> [DATASET EXCERPTS]
##############################
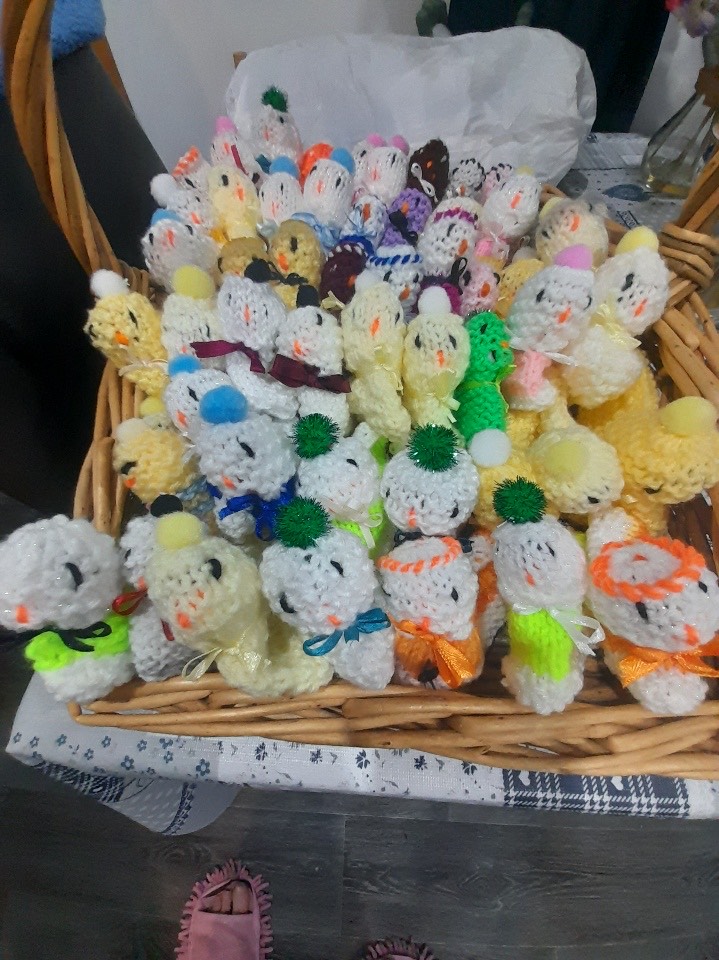 The ‘Knit and Natter’ members are hoping to knit hundreds of chicks in an effort to raise vital funds for the charity. Drummullan woman Mary Quinn has already helped them on their way by knitting 120 chicks (below) in a variety of colours.
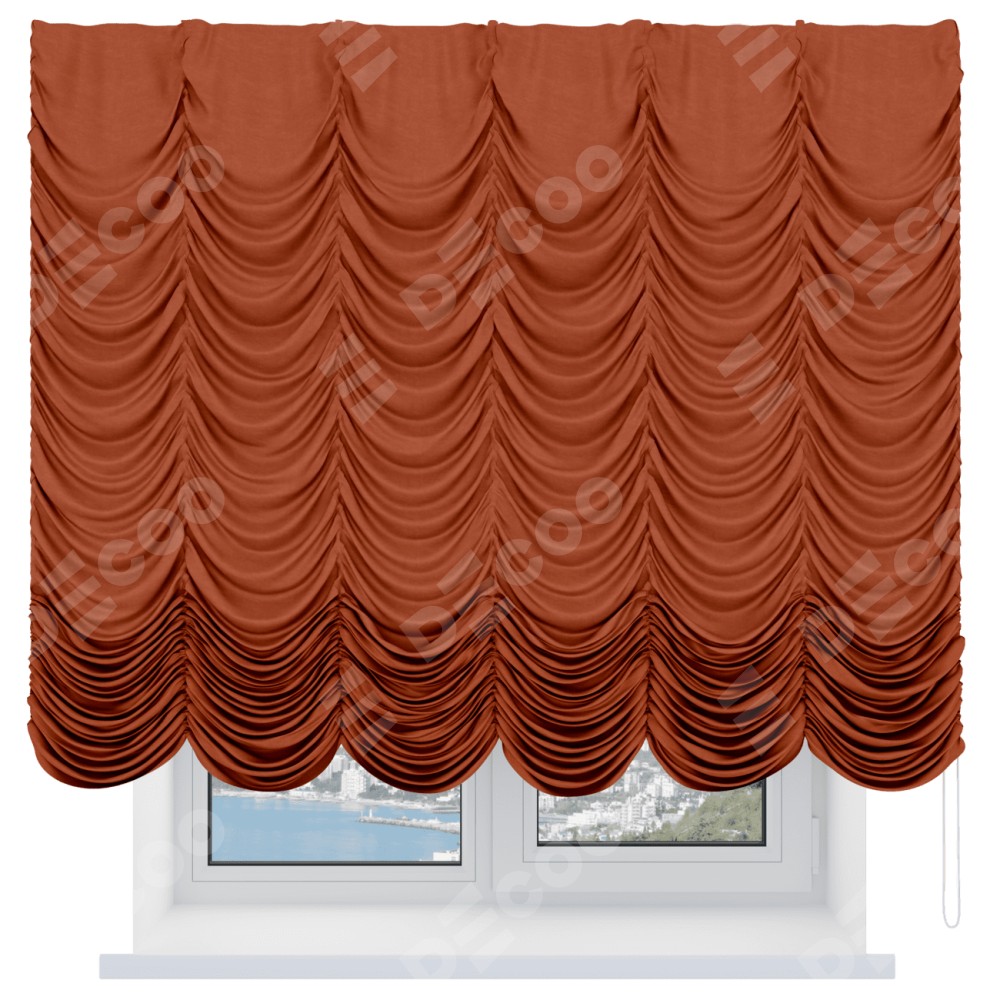 Французская штора производителя «Cortin», используется для проёма, пошита из ткани вельвет терракотовый, артикул ткани 85548. Имеет универсальный механизм и подходит для монтажа: на потолок и на стену.
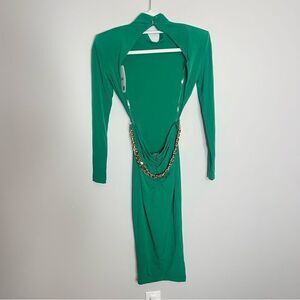 Stunning long sleeve midi with an ultra high neckline and strong shoulder. Features cut outs at the side waist and a stunning low back adorned with a luxe gold chain detail. Features shoulder pads & ruched zip closure with gold Nookie puller at back.
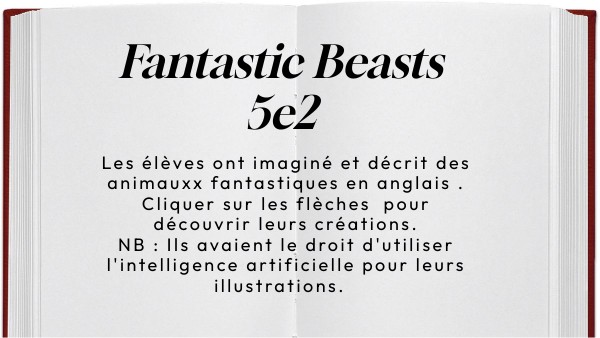 Les élèves ont imaginé et décrit des animauxx fantastiques en anglais .Cliquer sur les flèches pour découvrir leurs créations. NB : Ils avaient le droit d'utiliser l'intelligence artificielle pour leurs illustrations.
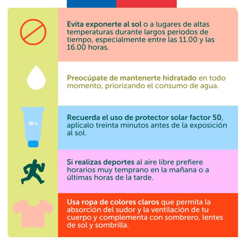 Desde el Ministerio de Salud (Minsal) entregaron recomendaciones ante las altas temperaturas, las cuales son: evitar exponerse al sol durante largos períodos de tiempo, especialmente entre las 11:00 a 16:00 horas; mantenerse hidratado, priorizando el consumo de agua; usar protector solar, idealmente factor 50 y aplicarlo 30 minutos antes de exponerse al sol; usar ropa de colores claros, complementando con sombrero, lentes de sol y sombrilla; y si quiere realizar deportes, se recomienda salir durante la mañana o a últimas horas de la tarde.
##############################
> [HOW TO COMPLETE THIS TASK]
What is needed is a word-for-word restatement of the entries, minus any pictures.

> [YOUR SOLUTION]
 The ‘Knit and Natter’ members are hoping to knit hundreds of chicks in an effort to raise vital funds for the charity. Drummullan woman Mary Quinn has already helped them on their way by knitting 120 chicks (below) in a variety of colours.
 Французская штора производителя «Cortin», используется для проёма, пошита из ткани вельвет терракотовый, артикул ткани 85548. Имеет универсальный механизм и подходит для монтажа: на потолок и на стену.
 Stunning long sleeve midi with an ultra high neckline and strong shoulder. Features cut outs at the side waist and a stunning low back adorned with a luxe gold chain detail. Features shoulder pads & ruched zip closure with gold Nookie puller at back.
 Les élèves ont imaginé et décrit des animauxx fantastiques en anglais .Cliquer sur les flèches pour découvrir leurs créations. NB : Ils avaient le droit d'utiliser l'intelligence artificielle pour leurs illustrations.
 Desde el Ministerio de Salud (Minsal) entregaron recomendaciones ante las altas temperaturas, las cuales son: evitar exponerse al sol durante largos períodos de tiempo, especialmente entre las 11:00 a 16:00 horas; mantenerse hidratado, priorizando el consumo de agua; usar protector solar, idealmente factor 50 y aplicarlo 30 minutos antes de exponerse al sol; usar ropa de colores claros, complementando con sombrero, lentes de sol y sombrilla; y si quiere realizar deportes, se recomienda salir durante la mañana o a últimas horas de la tarde.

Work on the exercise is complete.